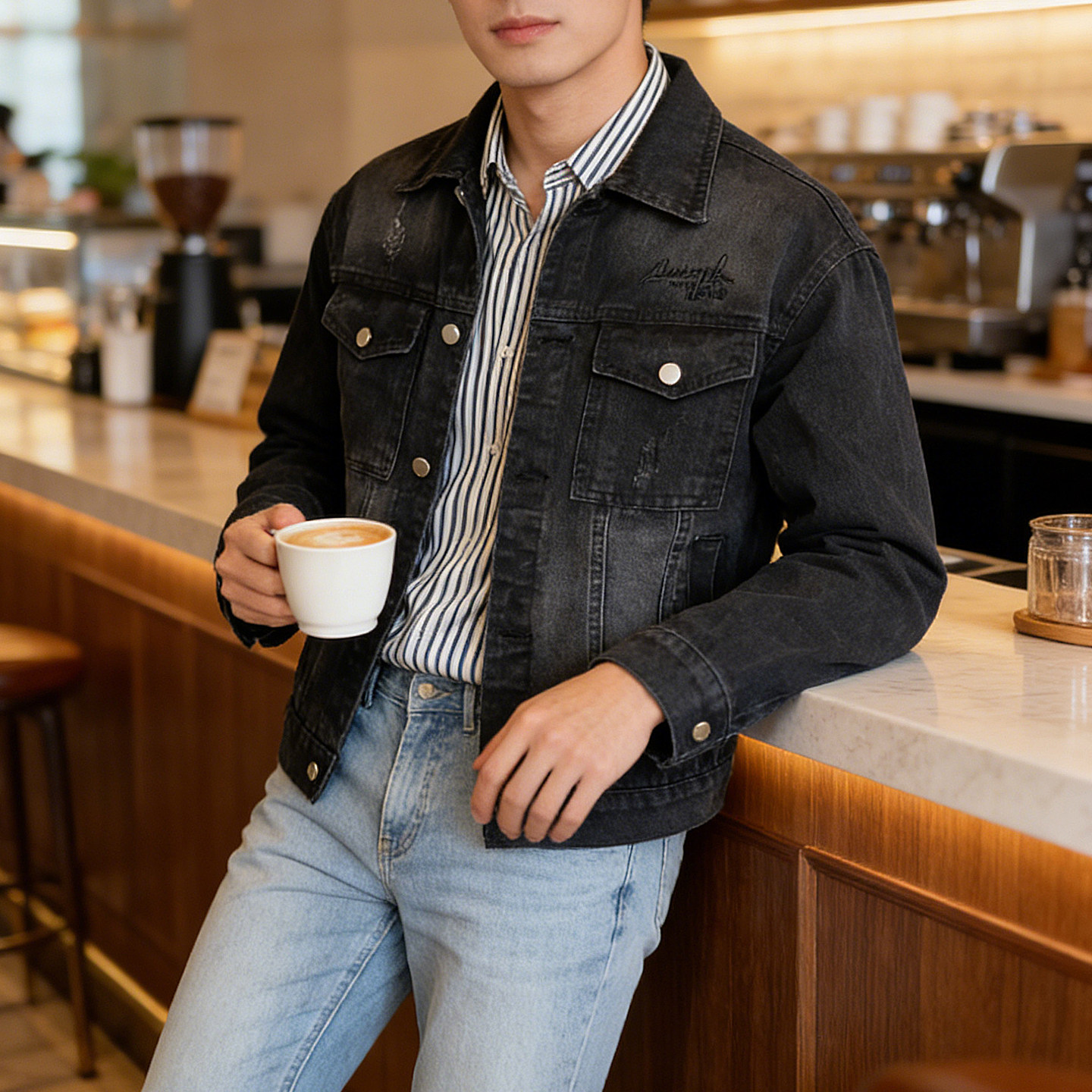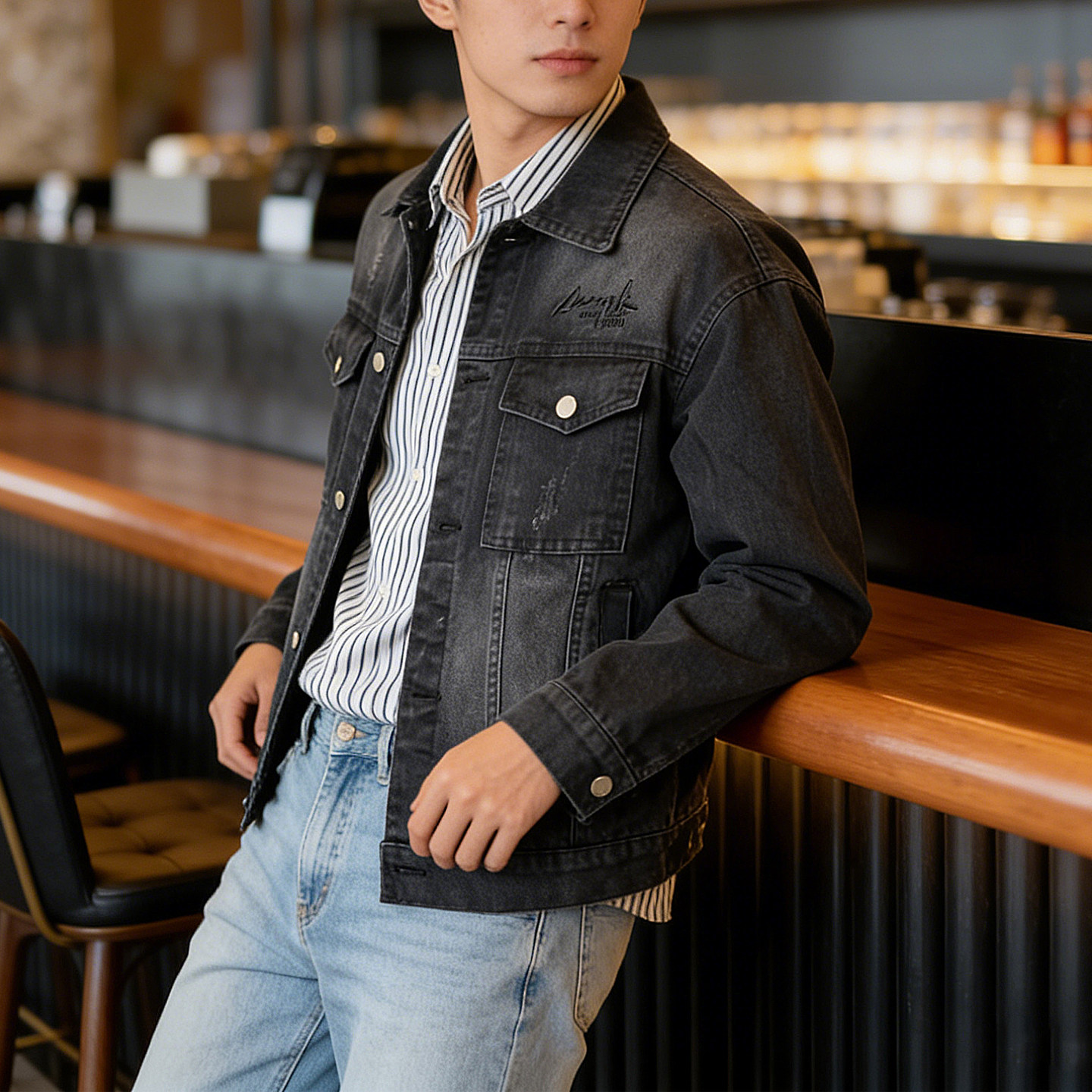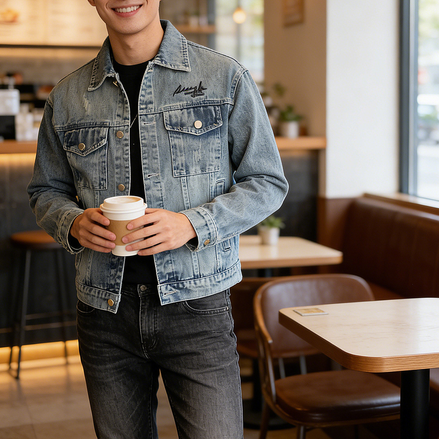 淘宝有间潮店coolman,美式高街复古修身男士牛仔外套
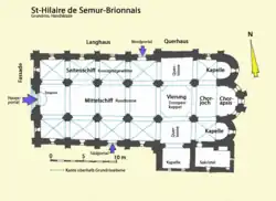 St-Hilaire ist eine dreischiffige Basilika, mit einem vierjochigen Langhaus in dem typischen dreigeschossigen Cluny-Aufriss, danach folgen ein kaum ausladendes Querhaus und ein dreischiffiges Chorjoch mit drei Apsiden.
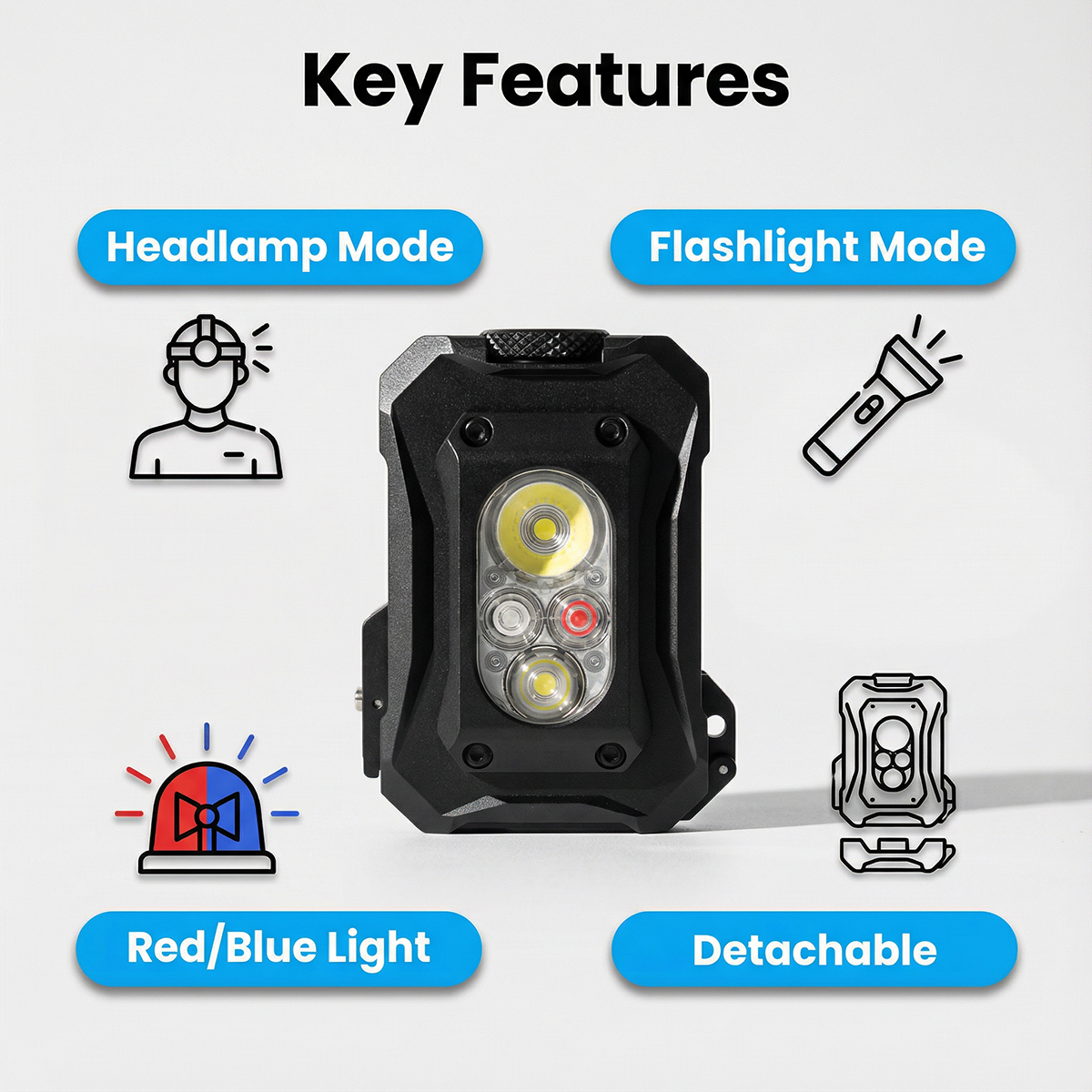 Der HL9 ist das ultimative hybride Beleuchtungswerkzeug, das nahtlos zwischen Hochleistungsscheinwerfer und kompakter Handtaschenlampe wechselt. Er ist sowohl für EDC-Zuverlässigkeit als auch für robuste Outdoor-Erkundung konzipiert und verfügt über ein leistungsstarkes 800-Lumen-Tricolor-LED-Array (Weiß, Rot und Blau). Mit seiner Dual-Fuel-Kompatibilität und abnehmbarer Halterung ist der HL9 stets einsatzbereit, egal ob Sie einen Pfad fahren, Hilfe anfordern oder tägliche Aufgaben ausführen.
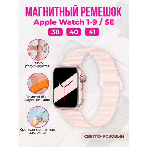 Магнитный силиконовый ремешок для Apple Watch 1-9 / SE (38/40/41 мм), светло-розовый
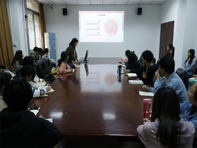 培训会分为新闻拍摄、新媒体技能两个阶段。第一阶段,代梦缘对新闻拍摄进行讲解。从相机的部件功能、拍摄前的准备事项到在拍摄时的注意事项,以及各种场景相应的拍摄技巧,代梦缘一一讲解、细致分析,用同学们拍摄的照片举例,分析照片拍摄中不足的地方,给出改进的建议,或者通过分析照片的精彩之处使同学们能够更快掌握实用的拍摄技巧。在第二阶段,王希锐、侯婉静分别借助微信和微博两大宣传平台对新媒体技能进行了实例培训。王希锐对微信的受众,以及推文的标题,排版进行了讲解。她强调细节,具体要检查标点符号,确保没有任何错误,文章要内容充实,逻辑清晰,顺序明朗。而侯婉静对于微博的讲解更多的在于自身特色,微博内容要有温度,有深度,要具有能够吸引学生的亮点,同时特别强调了话题敏感性,不要涉及争议话题,要大力弘扬中华优秀传统文化,传播正能量。
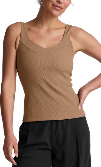 Cut from soft ribbed knit, this V-neck tank transitions easily from yoga class to couch lounging.
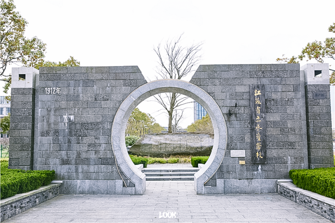 1912年创校至今,学校几经更名。靠近图书馆和教学楼处竖立了几座拱门,便是历届校门和校名。

◇ ◇ ◇ ◇ ◇

=== ASSIGNMENT ===
Print every line above exactly as given, but not the pictures.

=== SOLUTION ===
 淘宝有间潮店coolman,美式高街复古修身男士牛仔外套
 St-Hilaire ist eine dreischiffige Basilika, mit einem vierjochigen Langhaus in dem typischen dreigeschossigen Cluny-Aufriss, danach folgen ein kaum ausladendes Querhaus und ein dreischiffiges Chorjoch mit drei Apsiden.
 Der HL9 ist das ultimative hybride Beleuchtungswerkzeug, das nahtlos zwischen Hochleistungsscheinwerfer und kompakter Handtaschenlampe wechselt. Er ist sowohl für EDC-Zuverlässigkeit als auch für robuste Outdoor-Erkundung konzipiert und verfügt über ein leistungsstarkes 800-Lumen-Tricolor-LED-Array (Weiß, Rot und Blau). Mit seiner Dual-Fuel-Kompatibilität und abnehmbarer Halterung ist der HL9 stets einsatzbereit, egal ob Sie einen Pfad fahren, Hilfe anfordern oder tägliche Aufgaben ausführen.
 Магнитный силиконовый ремешок для Apple Watch 1-9 / SE (38/40/41 мм), светло-розовый
 培训会分为新闻拍摄、新媒体技能两个阶段。第一阶段,代梦缘对新闻拍摄进行讲解。从相机的部件功能、拍摄前的准备事项到在拍摄时的注意事项,以及各种场景相应的拍摄技巧,代梦缘一一讲解、细致分析,用同学们拍摄的照片举例,分析照片拍摄中不足的地方,给出改进的建议,或者通过分析照片的精彩之处使同学们能够更快掌握实用的拍摄技巧。在第二阶段,王希锐、侯婉静分别借助微信和微博两大宣传平台对新媒体技能进行了实例培训。王希锐对微信的受众,以及推文的标题,排版进行了讲解。她强调细节,具体要检查标点符号,确保没有任何错误,文章要内容充实,逻辑清晰,顺序明朗。而侯婉静对于微博的讲解更多的在于自身特色,微博内容要有温度,有深度,要具有能够吸引学生的亮点,同时特别强调了话题敏感性,不要涉及争议话题,要大力弘扬中华优秀传统文化,传播正能量。
 Cut from soft ribbed knit, this V-neck tank transitions easily from yoga class to couch lounging.
 1912年创校至今,学校几经更名。靠近图书馆和教学楼处竖立了几座拱门,便是历届校门和校名。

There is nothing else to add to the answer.